Linda Eagle filed a lawsuit in federal court in Pennsylvania alleging claims under the Computer Fraud and Abuse Act (“CFAA”) and various state law claims. Eagle v. Morgan, 2013 WL 943350 (E.D. Pa. 2013). The federal court previously dismissed the federal claims under the CFAA but permitted the state law claims to stand. Now, the court has issued a ruling on the state law claims.
Linda Eagle (“Eagle”) was president of Endcomm when it was acquired by another company in 2010. Shortly after, Eagle was terminated. Prior to her termination, Eagle shared her LinkedIn account information with another employee and permitted that employee to access her account and update her profile. The dispute began when that employee changed the password on the LinkedIn account after Eagle’s termination. Eagle’s name and picture were then replaced with the name and picture of her successor. A portion of Eagle’s honors and awards remained on the profile but were now attributed to her successor.

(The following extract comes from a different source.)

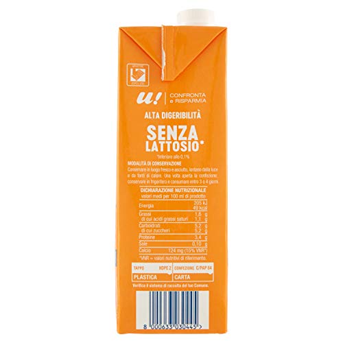 Unes Val d' Alpe Latte Parzialmente Scremato Uht a Lunga Conservazione alta Digeribilità senza Lattosio, 1L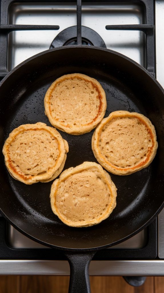 Pour about 2–3 tablespoons of batter per pancake into the skillet. Cook for 2–3 minutes per side, or until golden brown and cooked through.

On March 12, the federal court ruled in Eagle’s favor on her claims for unauthorized use of name, invasion of privacy, and misappropriation of publicity. The court determined that Eagle had a privacy interest in her name, picture, resume, and that her name “had the benefit of reputation, prestige, and commercial value within the banking education industry.” The court found significant that someone searching for Eagle on LinkedIn “would be unwittingly directed to a page with information about” her successor.
Eagle’s victory was hollow, however, as the court determined she suffered no economic loss as a result of the misconduct. Accordingly, the court did not award Eagle any damages. Edcomm brought counterclaims against Eagle, one of which alleged that Eagle misappropriated the LinkedIn account as her own when in fact it was Edcomm’s property. The court stated, “Edcomm never had a policy of requiring its employees use LinkedIn, did not dictate the precise contents of an employee’s LinkedIn account, and did not pay for its employees’ LinkedIn accounts.”
The lesson from this case is that employers need social media policies that clearly define who owns company-related accounts and who is permitted access to company-related accounts. Such policies should address these issues for both current and former employees.